*** INFORMATION PROVIDED Section Begins ***

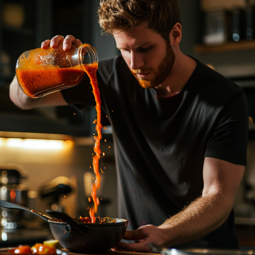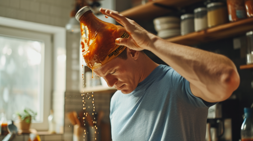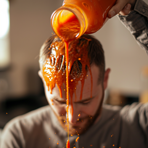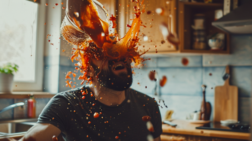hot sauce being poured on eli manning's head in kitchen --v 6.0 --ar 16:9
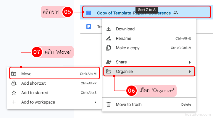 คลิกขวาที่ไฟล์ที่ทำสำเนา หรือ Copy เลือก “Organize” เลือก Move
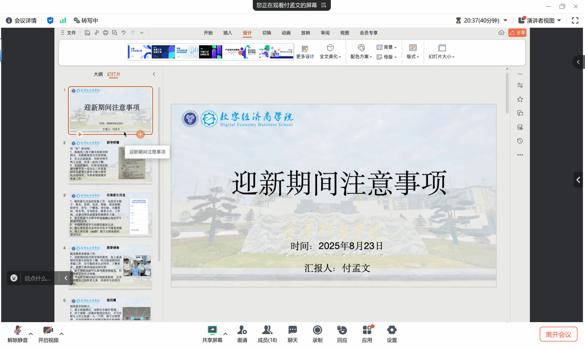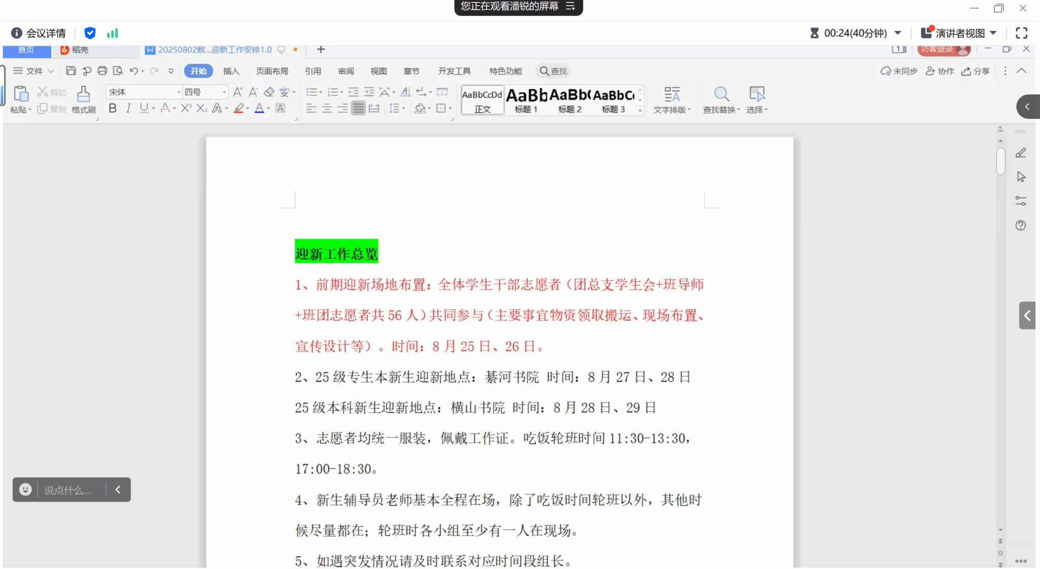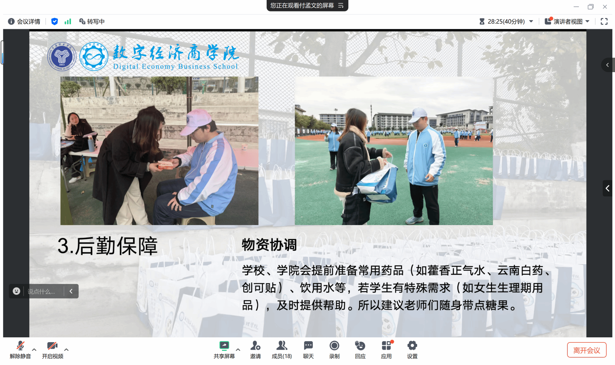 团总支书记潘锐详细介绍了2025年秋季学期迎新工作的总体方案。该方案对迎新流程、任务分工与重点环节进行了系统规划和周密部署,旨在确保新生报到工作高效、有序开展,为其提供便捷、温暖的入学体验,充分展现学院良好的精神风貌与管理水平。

*** INFORMATION PROVIDED Section Ends ***

* [EXERCISE BRIEF]
Beginning with the line that contains "คลิกขวาที่ไฟล์ที่ทำสำเนา หรือ Copy", write out the remaining lines of the listing above through the last, exactly and only those, without pictures.

* [ANSWER TO THIS EXERCISE]
 คลิกขวาที่ไฟล์ที่ทำสำเนา หรือ Copy เลือก “Organize” เลือก Move
 团总支书记潘锐详细介绍了2025年秋季学期迎新工作的总体方案。该方案对迎新流程、任务分工与重点环节进行了系统规划和周密部署,旨在确保新生报到工作高效、有序开展,为其提供便捷、温暖的入学体验,充分展现学院良好的精神风貌与管理水平。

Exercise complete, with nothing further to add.